18:12 02 Dicembre 2020
Interviste
URL abbreviato
Di
Coronavirus in Italia, contagi in calo: inizia la fase 2 (2 - 10 maggio) (123)
0 03
Seguici su

Dall'inizio di questa settimana, l'Italia è entrata nella fase due dell'emergenza coronavirus, permettendo una graduale riapertura e sollevamento dei limiti di blocco. Parchi e ville sono stati riaperti per i visitatori, ma le spiagge rimangono ancora chiuse. Fabrizio Licordari, Presidente di Assobalneari, ha discusso della situazione con Sputnik.

Le spiagge italiane cercano di riaprire e sono ancora in attesa delle istruzioni del governo, ma la misura che è stata presa in considerazione è quella di garantire una distanza di sicurezza tra le persone, senza l'istallazione di scatole in plexiglass o l'allineamento degli ombrelli che "non si ammalano", ha detto a Sputnik Fabrizio Licordari, Presidente di Assobalneari, l'associazione spiagge italiane.
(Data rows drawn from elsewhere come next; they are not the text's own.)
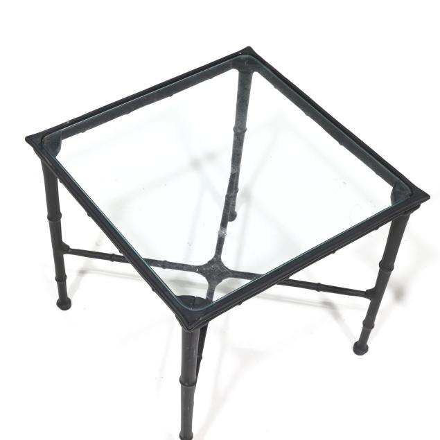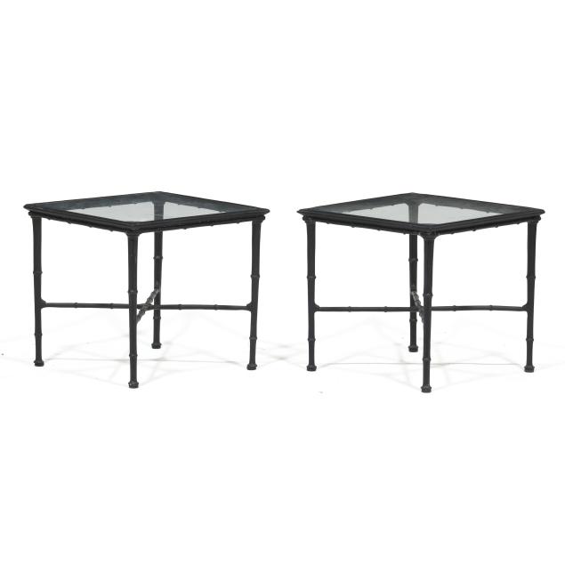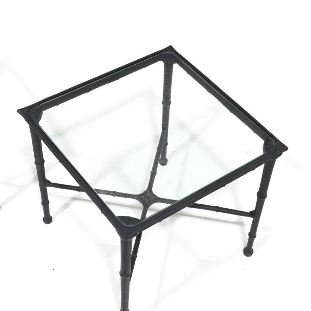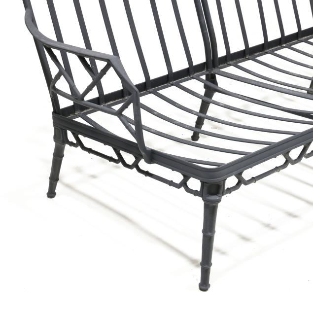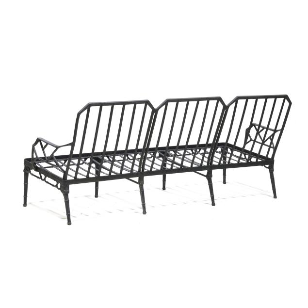 Late 20th century, black painted aluminum, including a triple back sofa (32 x 76 x 29 in.); a double back settee (32 x 48 x 26 in.); and a pair of glass top side tables (16 x 17 x 17 in.), appears unmarked.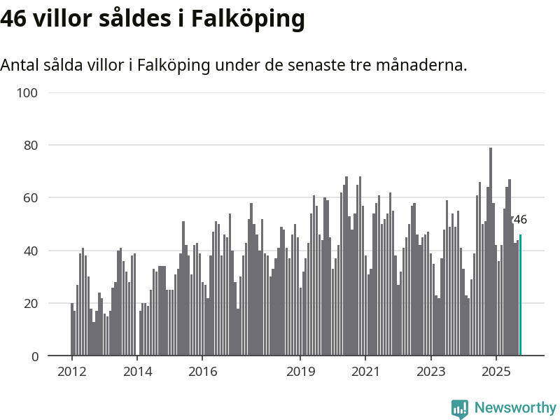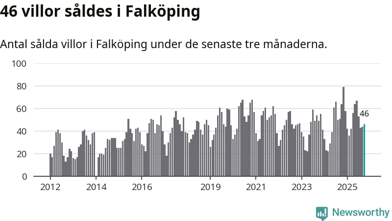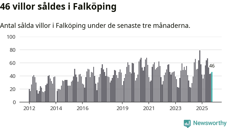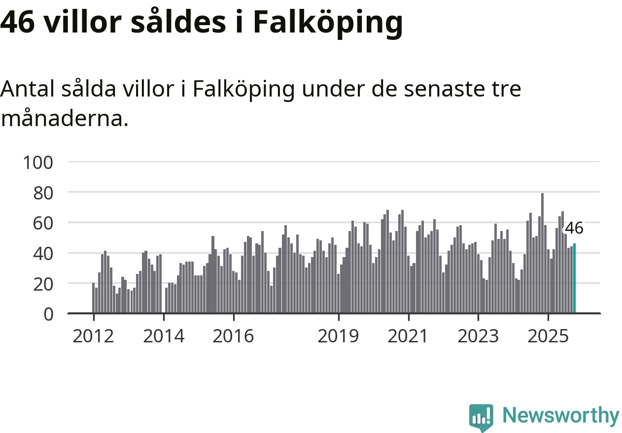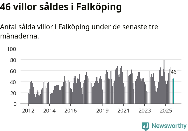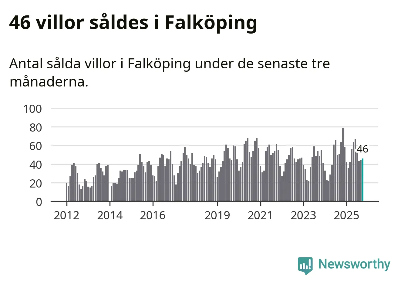 Mellan augusti och oktober såldes 46 villor i Falköpings kommun. Det är relativt få sett till aktiviteten på bostadsmarknaden i kommunen under de senaste tolv månaderna, samt det historiska snittet för den här tiden på året.
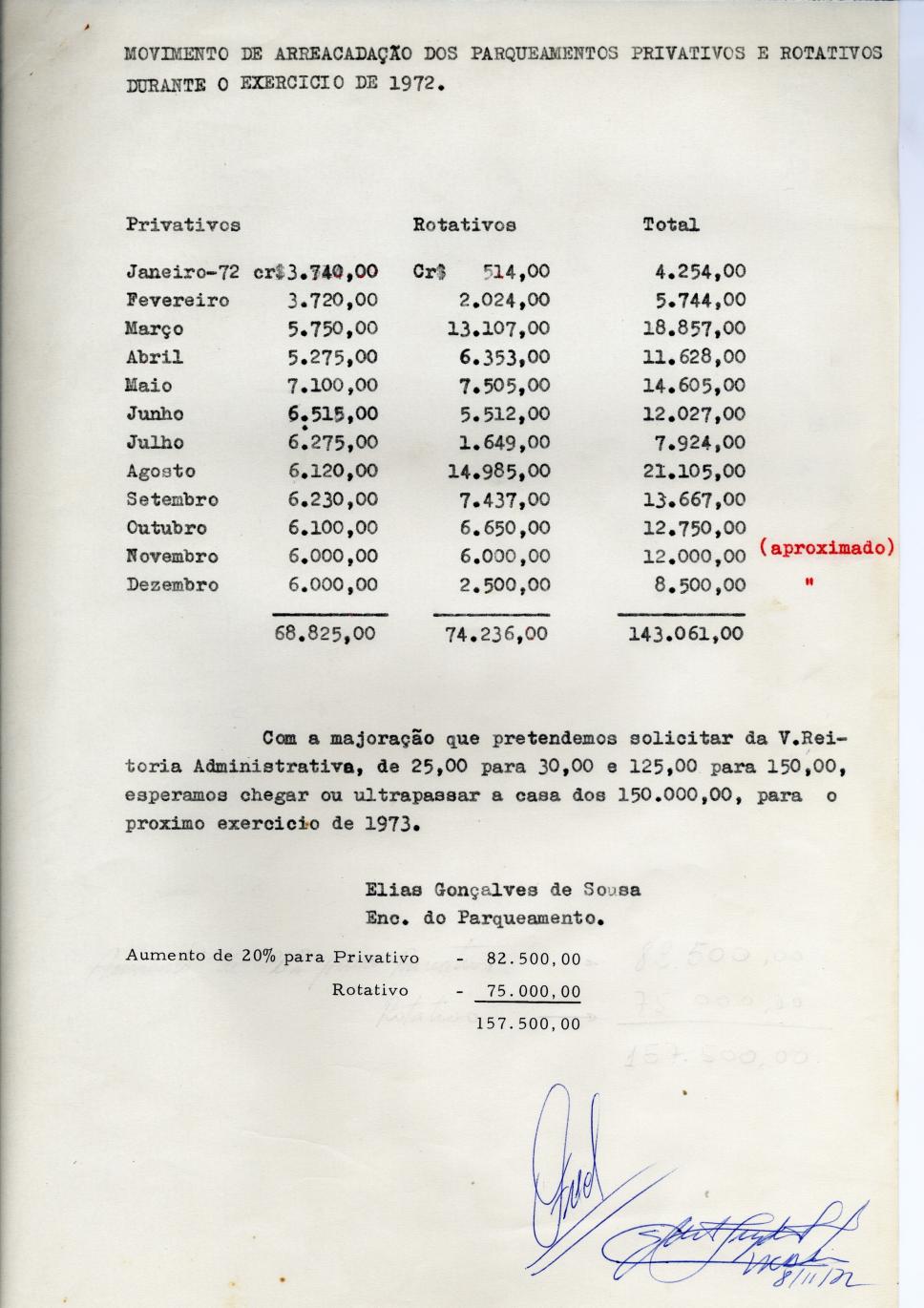 Movimento da arrecadação dos parqueamentos privativos e rotativos durante o exercício de 1972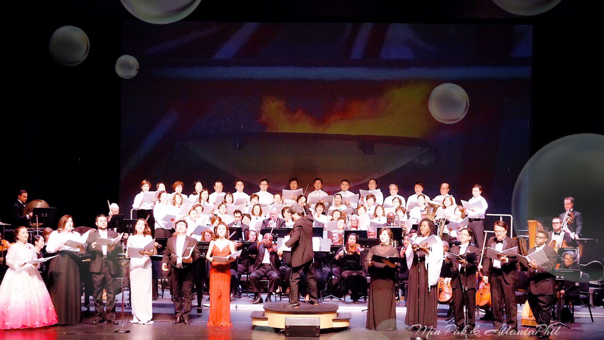 The Korean Anthem is being played by the Atlanta Philharmonic Orchestra conducted by Min Park.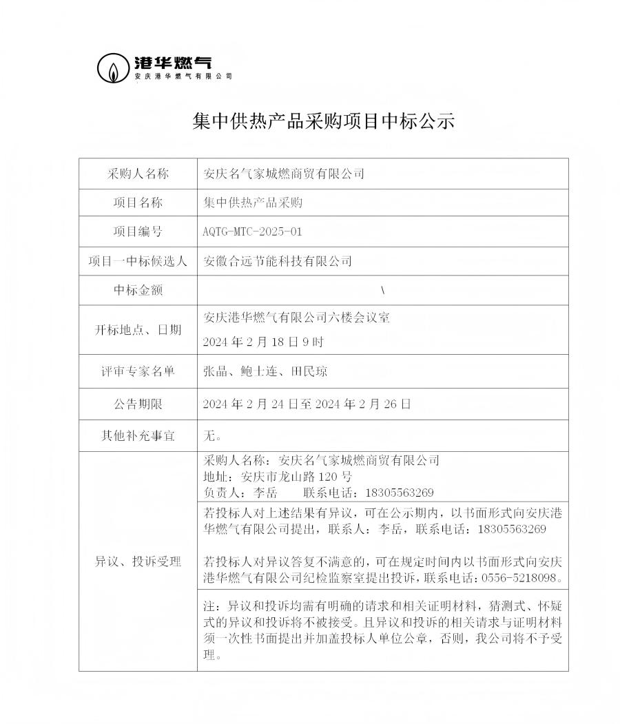集中供熱產(chǎn)品采購(gòu)項(xiàng)目中標(biāo)公示

"Stiamo aspettando di essere contattati dal Comitato scientifico del governo perché dobbiamo confrontarci. Abbiamo scritto già dal 1 marzo che chiediamo di poter lavorare e interagire con i tecnici governativi per confrontare quelle che sono le problematiche che noi possiamo esporre e capire dai tecnici del governo quali sono le misure che sono necessarie e idonee per fare frequentare le spiagge dalle persone. Noi finora non abbiamo chiesto quando aprire, abbiamo chiesto come aprire, perché per noi è necessario sapere queste cose, perché per organizzare una spiaggia, uno stabilimento balneare, ci vuole almeno un mese e mezzo di lavoro. Ad oggi stiamo ancora aspettando questa convocazione, però posso dire che noi intanto ragioniamo non sulla distanza degli ombrelloni, ma ragioniamo sempre sulla distanza delle persone" ha affermato Licordari.

Assobalneari è l'associazione che riunisce gli imprenditori delle spiagge all'interno di Federturismo Confindustria, Federazione Italiana imprese turistiche.
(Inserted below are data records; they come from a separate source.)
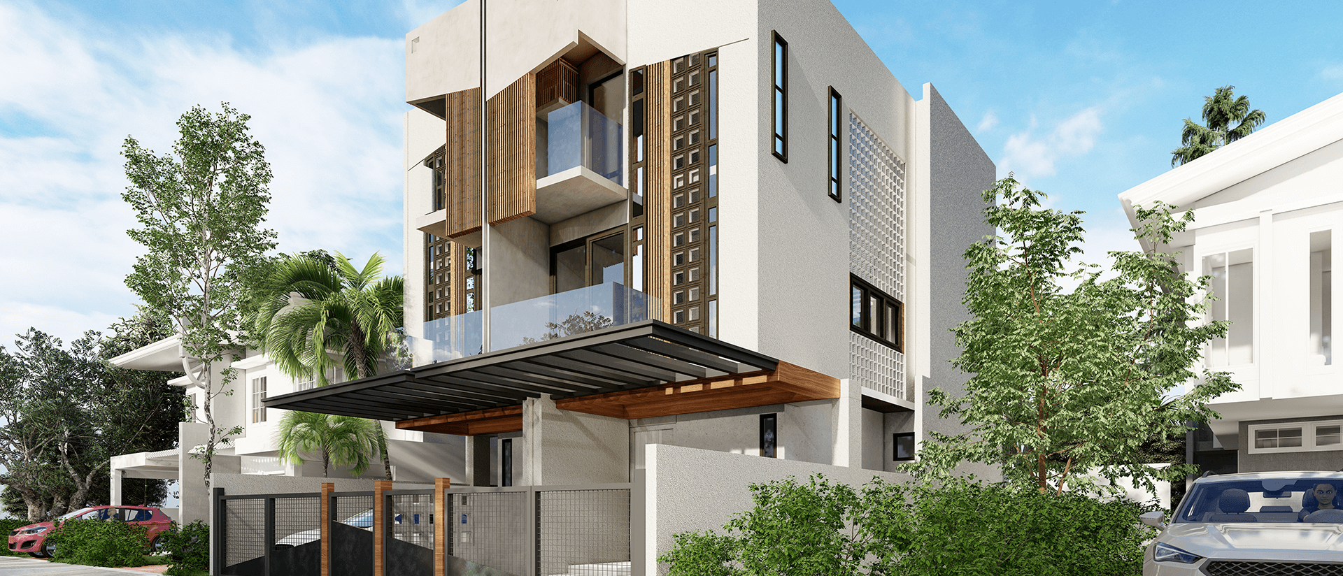 In sleepy Antipolo, an empty 145-sqm lot becomes the foundation of a duo of modern three-storey residential houses that stands out with a contemporary take on lines and a play on elevations. It starts with a unique façade that uses angled lines and a mix of textures—light-colored concrete, glass blocks, wood, wire mesh; a theme that extends indoors to provide a unique living space that’s generous with natural light and air while also ensuring maximum privacy.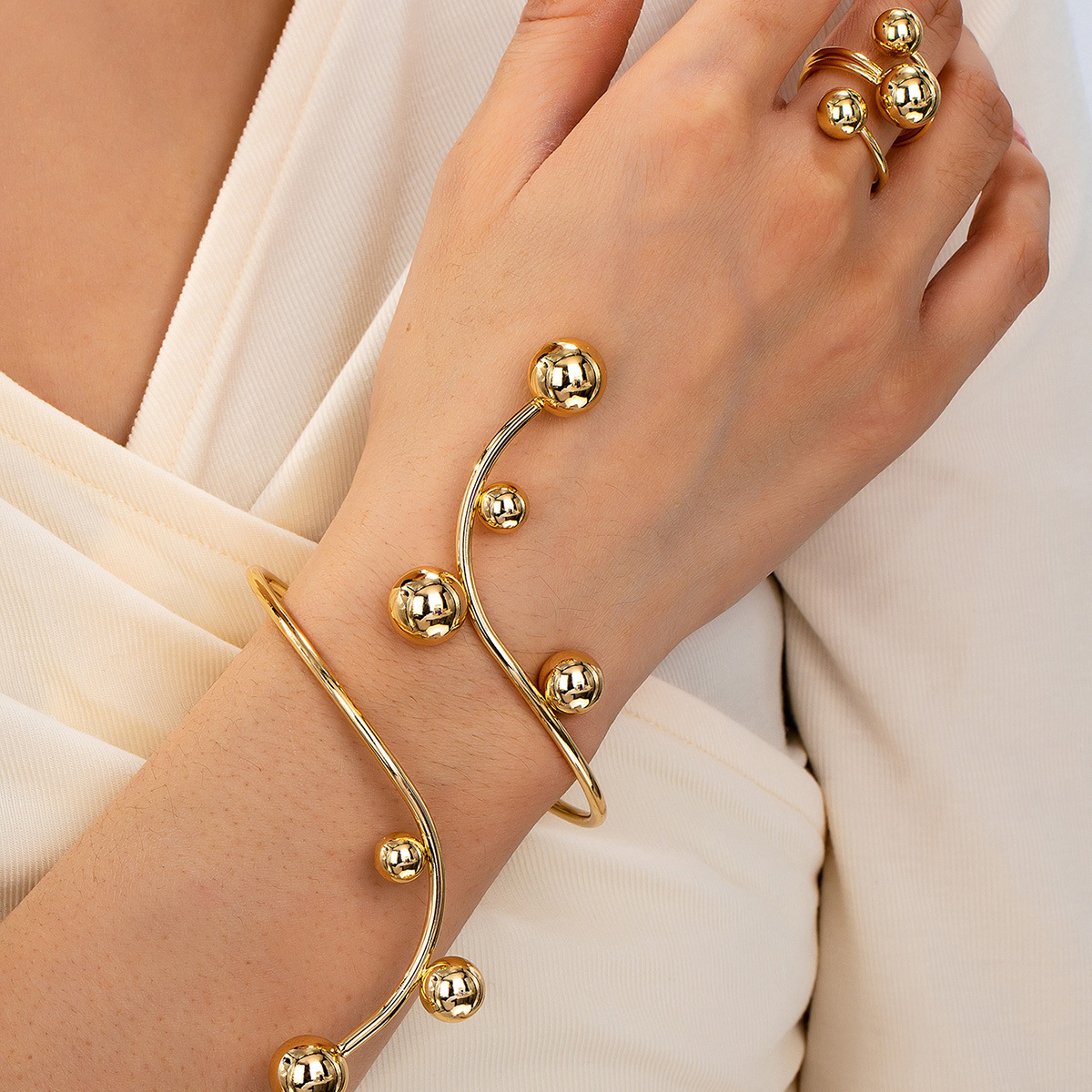 欧米のクロスボーダーの新型の誇張した個性の大きさの玉のブレスレットの大きさの玉の指輪の気質の優雅な装飾品のスーツ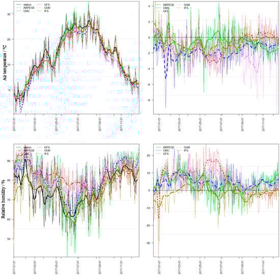 (Top left): maximum temperature (in °C) predicted by five meteorological models for 3 days ahead and reality (black) in the Czech Republic in the year 2017. (Top right): maximum temperature differences of the NPW outputs with regard to reference series (reality based on station data interpolated into maps). Thick lines: values smoothed with 30-day low-pass Gaussian filter. (Bottom): the same as above but for relative humidity (in %).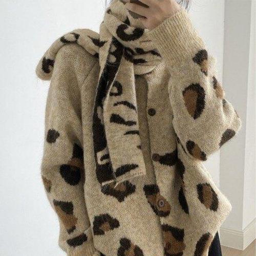 [페리엠]니트+머플러 세트 레오파드 무늬 웨슬리가디건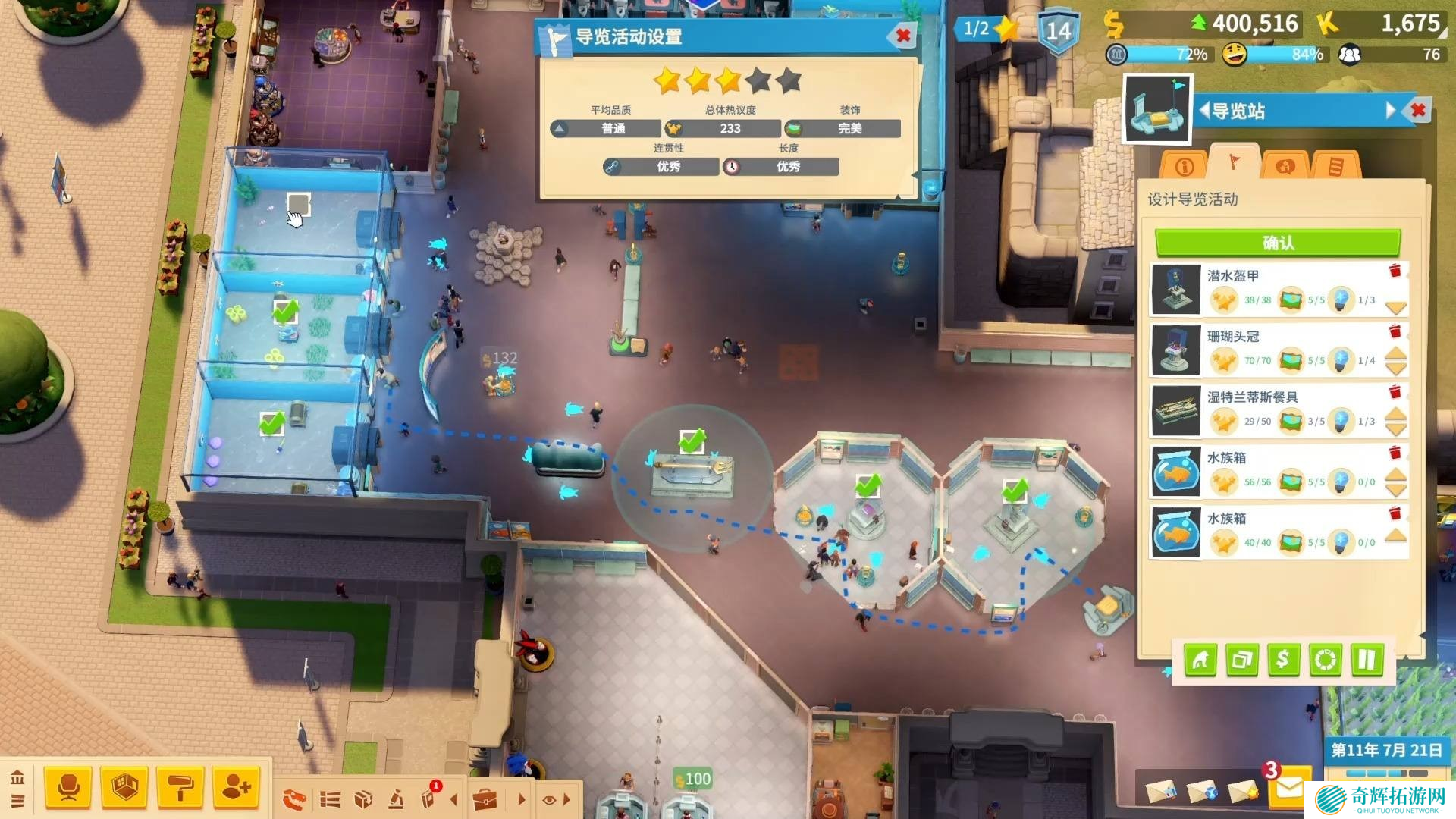 进入游戏后,专注提升第一个博物馆的评级,至少要达到二星。

Distanziamento sociale in spiaggia

Dato per acquisito il fatto che nei prossimi mesi dovremo conviverere con il virus, diventa di fondamentale importanza pianificare la gestione degli spazi a seconda delle reali circostanze e dell'effettivo rischio di contagio che queste presentano.
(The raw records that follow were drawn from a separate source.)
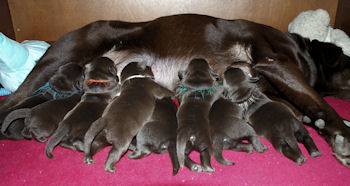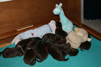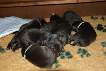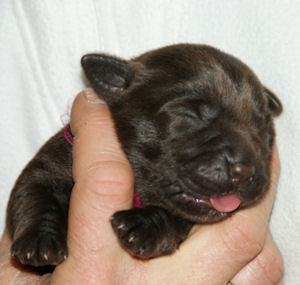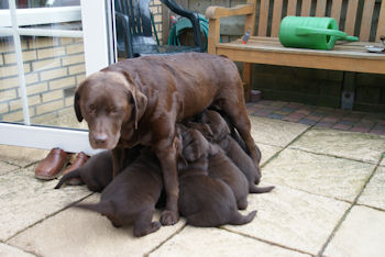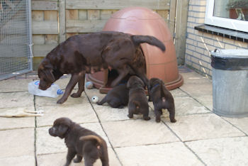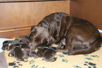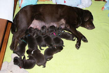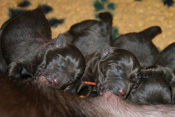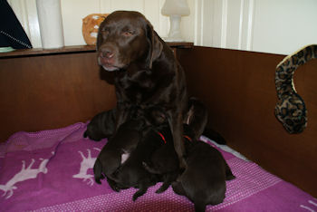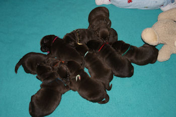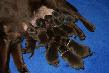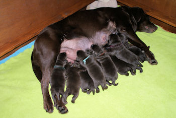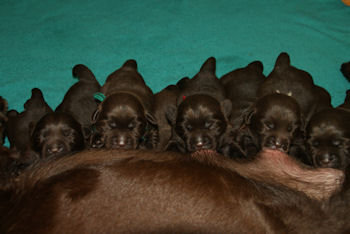Geboren 15 Februari 2009 9 mooie bruine puppen. De bevalling is prima gegaan en moeder en kids maken het uitstekend.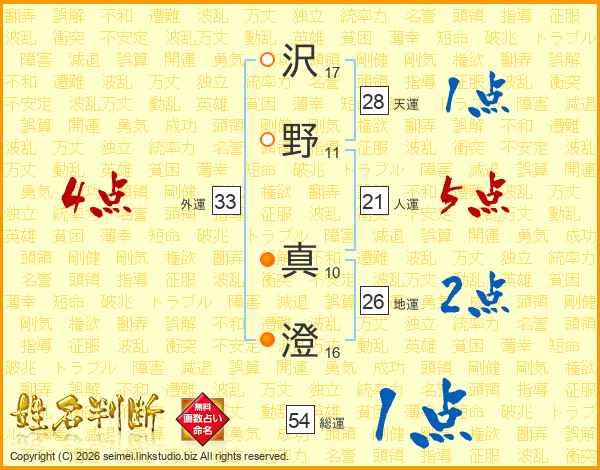 生活面を象徴する運勢です。外部から受ける影響力を表し、結婚運、家庭運や職場、環境への順応性を表します。総運から人運を引いた画数。姓や名が1文字の場合を除く。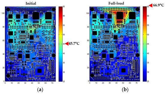 The developed SJB was thermally analyzed by way of a simulation to determine the heat dissipation of the IPS components when driving each load. To analyze the thermal distribution according to the behavior of the SJB PCB module, we used a commercial thermal analysis tool, PADS, and simulated the thermal distribution of the PCB module. An image of the temperature distribution is shown in Figure 7. The results of this analysis showed that under full load operating conditions with both headlights and wipers in operation, the initial maximum temperature on the board was 45.7 °C. The maximum temperature then increased to 66.9 °C when the wipers were set to high power. The temperature rise may be even higher if the SJB were to be installed in the engine compartment of a vehicle powered by an internal combustion engine; however, it is not a concern in this case as the focus of this study is on SJBs for electric vehicles. In the IPS section of the board, the components that experience higher temperatures were placed around the connector to improve the heat distribution to the connector side. In addition, the IPS component that powers the load was placed at the top of the PCB. These measures were considered to satisfactorily address any potential heat-related problems in the SJB.

"Gli ombrelloni non si ammalano. Se per andare a fare la spesa noi dobbiamo stare 1.5 metri di distanza agli altri, in un ambiente comunque chiuso, riteniamo che la stessa misura possa essere adottata anche sulle spiagge, perché le spiagge sono all’aria aperta e poi abbiamo anche una temperature più elevata dell’inverno, e i virologi ci stanno insegnando che il virus in occasione di alte temperature e molto più debole" ha continuato il Presidente Licordari.

Il presidente dell'associazione spiagge italiane rifiuta l'idea di una possibile installazione di scatole di plexiglass sulle spiagge per delimitare il luogo per ogni bagnante del sole.

"Queste cose sono impercorribili. Un box di plexiglass sulla spiaggia quando inizia il vento forte sarebbe anche pericoloso perché comincerebbe volare e dare dei grossi problemi. Inoltre immagini stare con 35 gradi di sole dentro un box di plastica. Questa è un’idea improponibile sulle spiagge. Per tenere una distanza bastano anche due paletti con delle cordicelle" ha commentato Licordari.

Estate 2020: turismo di prossimità

E' ancora difficile dire che stagione turistica sarà quella dell'estate 2020, ma un dato appare certo: in Italia sarà una stagione quasi unicamente incentrata sul turismo domestico.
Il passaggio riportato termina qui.